I give too, in a section which I call ‘Gardens of Delight,’ the good gardens of Adonis and the bad gardens of Phædria and Acrasia, which are mythological and symbolical, but not allegorical, and show, more particularly those bad islands, his power of describing bodily happiness and bodily beauty at its greatest. He seemed always to feel through the eyes, imagining everything in pictures. Marlowe’s Hero and Leander is more energetic in its sensuality, more complicated in its intellectual energy than this languid story, which pictures always a happiness that would perish if the desire to which it offers so many roses lost its indolence and its softness.
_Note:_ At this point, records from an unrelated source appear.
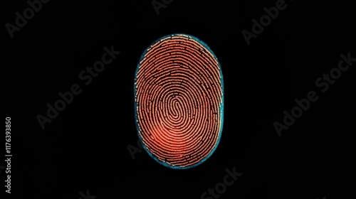A detailed fingerprint displayed against a black background, showcasing intricate patterns and unique ridges.
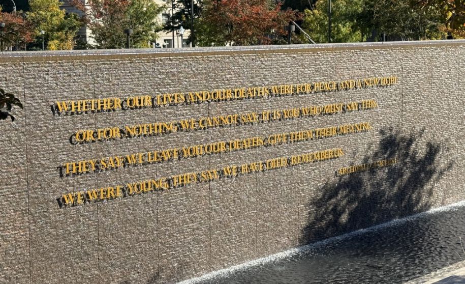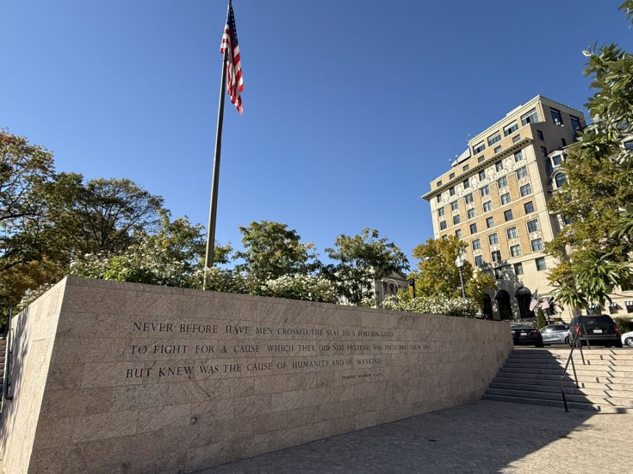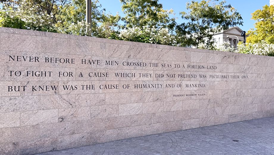 We are now leaving the park and on our way out I notice this wall with a direct quote from President Woodrow Wilson. This particular quote comes from a speech Wilson delivered to the Continental Congress of the Daughters of the American Revolution on April 17, 1917, just days after the United States officially entered World War I.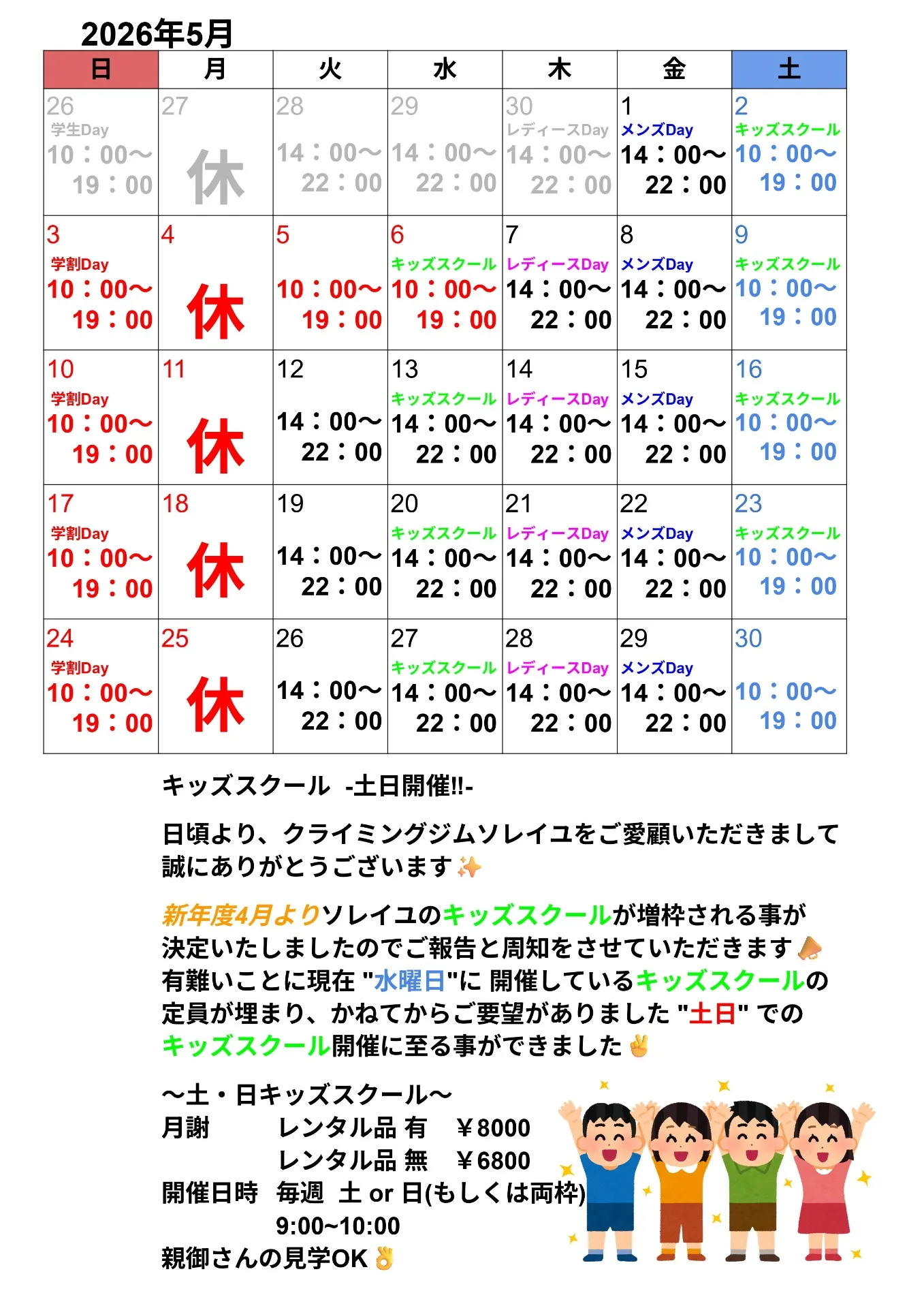 今後もクライミングジムソレイユを盛り上げていきますので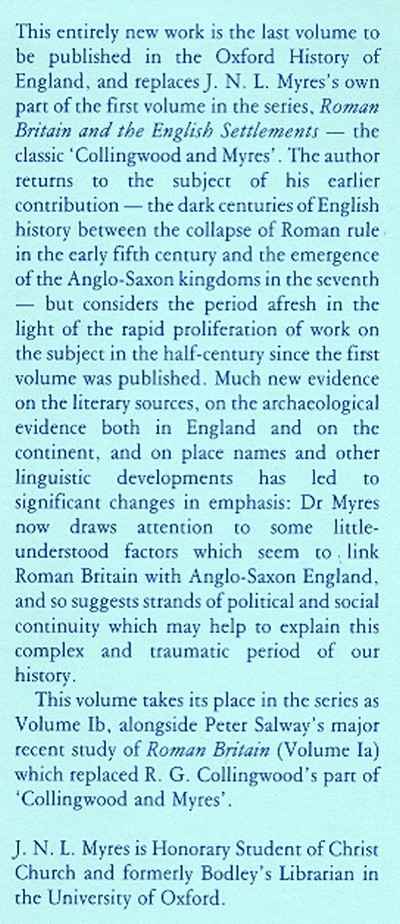 Covers the period between the collapse of Roman rule in the 5th century and the emergence of the Anglo-Saxon kingdoms in the 7th century. See the description (below) from the dustwrapper flap.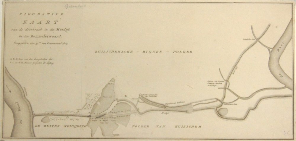 Kaartje van Zuilichem met dijkdoorbraak 1809. Figura...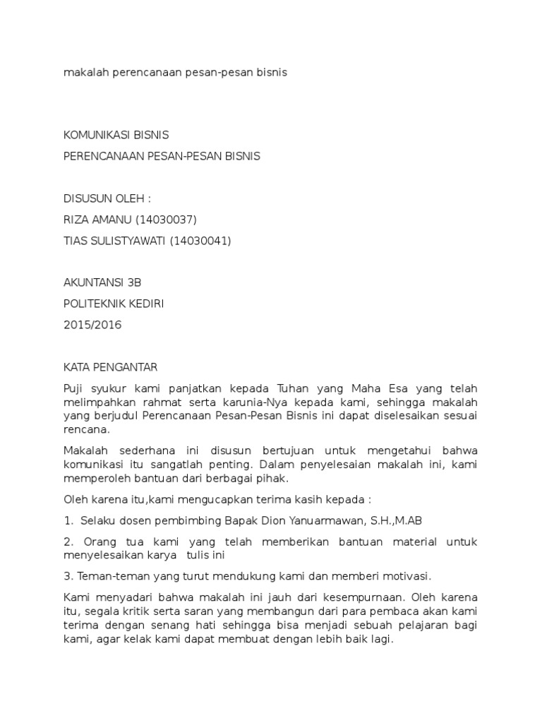 PERENCANAAN PESAN-PESAN BISNIS - munjiyatsyaiful Nov 06, 2017 · Perencanaan bisnis merupakan satu langkah strategis bagi pencaaian tujuan suatu organisasi secara menyeluruh. Pesan-pesan bisnis yang terencana dengan baik mempermudah pencapaian tujuan komunikasi. Penentuan tujuan yang jelas bagi suatu organisasi akan dapat membantu proses pengambilan keputusan yang mencakup antara lain : Contoh Pesan Bisnis dan Struktur Penyusunan yang Benar ... Struktur pesan bisnis yang pertama adalah perencanaan. Tentu saja kita tidak bisa asal-asalan dalam membuat dan mengirimkan pesan tersebut, karena akan berpengaruh pada citra perusahaan. Dalam tahap ini, ada beberapa hal yang harus diperhatikan, seperti: A. Tujuan Setiap hal yang ingin disampaikan akan berdasar pada sebuah tujuan. Proses Pembuatan Pesan - Pesan Bisnis - Komunikasi Bisnis Penyususunan pesan-pesan bisnis meliputi 3 tahap, yaitu : 1. Perencanaan. Daftar fase perencanaan (planning phase) dipikirkan hal-hal yang cukup mendasar, seperti maksud/tujuan komunikasi, audiens yang akan menerima pesan, ide pokok (main idea) pesan-pesan yang akan di sampaikan dan seluruh atau media yang akan digunakan menyampaikan pesan. Makalah PERENCANAAN PESAN-PESAN BISNIS - Make Better Than ... Penyususunan pesan-pesan bisnis meliputi 3 tahap, yaitu : 1. Perencanaan Daftar fase perencanaan (planning phase) dipikirkan hal-hal yang cukup mendasar, seperti maksud/tujuan komunikasi, audiens yang akan menerima pesan, ide pokok (main idea) pesan-pesan yang akan di sampaikan dan seluruh atau media yang akan digunakan menyampaikan pesan.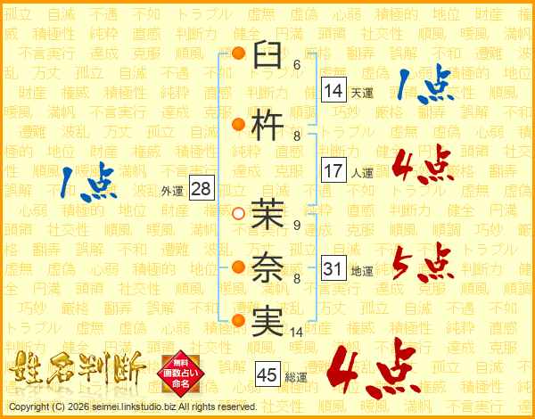 臼杵茉奈実さんの総運は45画の4点!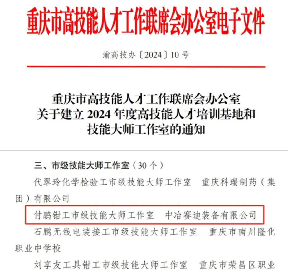 9月24日,重慶市高技能人才工作聯(lián)席會(huì)辦公室下發(fā)《關(guān)于建立2024年度高技能人才培訓(xùn)基地和技能大師工作室的通知》,賽迪裝備申報(bào)的“付鵬鉗工市級(jí)技能大師工作室”成功獲批建設(shè)。技能大師工作室由重慶市委組織部與重慶市人力資源和社會(huì)保障局聯(lián)合組織建立,本次成功獲批是對(duì)公司技能人才培養(yǎng)工作的認(rèn)可和支持,為公司今后的高技能人才隊(duì)伍建設(shè)提供了更加堅(jiān)實(shí)的政策保障。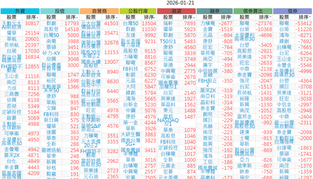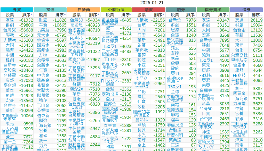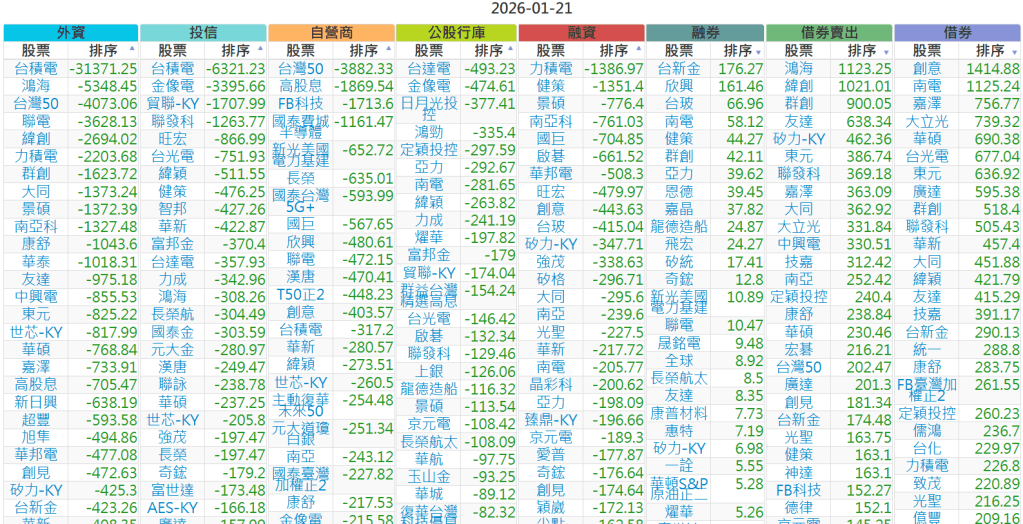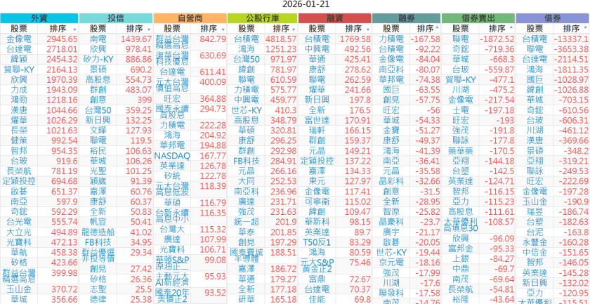 2026-0121【外資、投信】買賣超個股 2026-01-21 股狗網小編 投資誌-大盤 發表留言 上市:【外資、投信】買超(依金額) (單位:百萬) 上市:【外資、投信】賣超(依金額) (單位:百萬) 上市:【外資、投信】買超(依張數) (單位:張數) 上市:【外資、投信】賣超(依張數) (單位:張數) 免責宣言 本網站文章所提供資訊僅供參考,並無任何推介買賣之意,投資人應自行承擔交易風險。 分享此文: 分享到 X(在新視窗中開啟) X 分享到 Facebook(在新視窗中開啟) Facebook 喜歡 正在載入...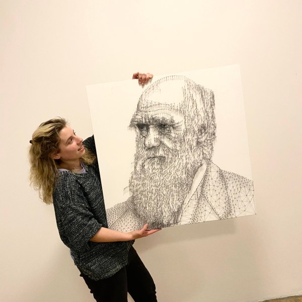 Imogen is a Birmingham based artist who creates portraits using nail and thread. She graduated from Kingston University in Fine Art in 2013, and after taking a few years out to focus on youth work, has recently returned to exploring her art practice. She's influenced by the traditional craft of hand-embroidery but her style of work puts a contemporary spin on threadwork. Her method of making consists of wrapping thread around nails which pinpoint the contours of the face to build up a mesh-like form made up of triangles. Imogen builds up layers and layers of these triangles to detail the subjects' features and create depth to the image.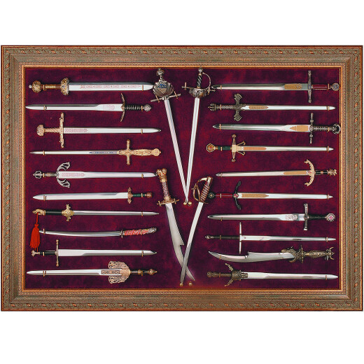 Sběratelský rám na miniatury mečů, 80x60 cm, červený samet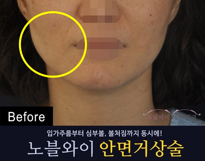 처진 볼살과 입옆 심부볼,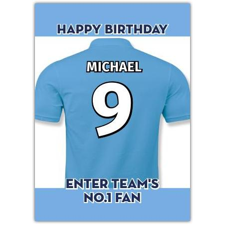 Celebrate the birthday of a true football enthusiast with this personalised No. 1 Fan card. Featuring a sky blue football jersey design complete with a team number and space to add the recipient’s name, this card makes an outstanding gift for any football lover—whether they support local clubs, leagues, or international teams.
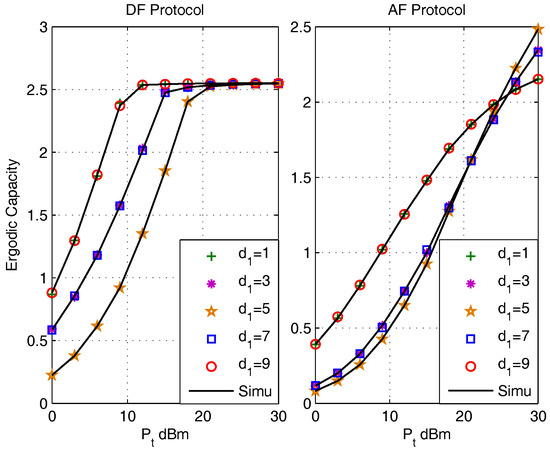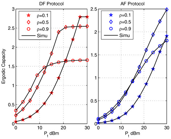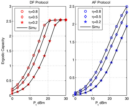The effect of energy efficient conversion ratio on ergodic capacities are presented in Figure 4 for the DF protocol (left) and the AF protocol (right) with parameters , , m, . It can be noticed that the ergodic capacities of both protocols obtained by the closed-form expressions are in accordance with that obtained via Monte Carlo simulations (Simu). With the increase of , it is observed that the ergodic capacity of both protocol increase. This is because increases with the increase of , which will enhance the transmit capabilities of the BC phase. And since is provided by energy harvesting, the value of is usually not very large. Thus the BC transmission ability dominates the value of ergodic capacity. Thus, with the increase of , the ergodic capacities increase. The value of also effects the saturation rate of the DF protocol and the gap between the curves of AF protocol. This phenomenon is due to the value of effects the value of distortion noises.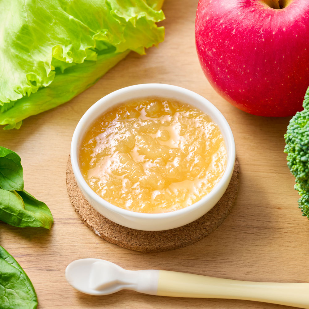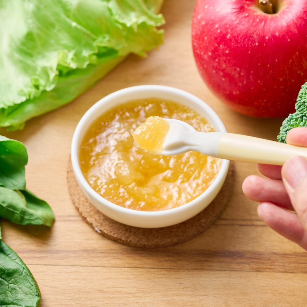 | 原材料名 | すりおろしりんご(国内製造)、りんご濃縮果汁、ほうれん草汁、レタス濃縮汁、ブロッコリー濃縮汁、寒天/pH調整剤、ゲル化剤(増粘多糖類)、乳化剤 |

There is no passion in the pleasure he has set amid perilous seas, for he would have us understand that there alone could the war-worn and the sea-worn man find dateless leisure and unrepining peace.

October, 1902.

1

I had forgotten Falstaff, who is an episode in a chronicle play.

2

Rose Kavanagh, the poet, wrote to her religious adviser from, I think, Leitrim, where she lived, and asked him to get her the works of Mazzini. He replied, ‘You must mean Manzone.’

3

I have heard him say more than once, ‘I will not say our people know good from bad, but I will say that they don’t hate the good when it is pointed out to them, as a great many people do in England.’

4

A small political organiser told me once that he and a certain friend got together somewhere in Tipperary a great meeting of farmers for O’Leary on his coming out of prison, and O’Leary had said at it: ‘The landlords gave us some few leaders, and I like them for that, and the artisans have given us great numbers of good patriots, and so I like them best: but you I do not like at all, for you have never given us anyone.’ I have known but one that had his moral courage, and that was a woman with beauty to give her courage and self-possession.

5

Poems of Spenser: Selected and with an Introduction by W. B. Yeats. (T. C. and E. C. Jack, Edinburgh, N.D.)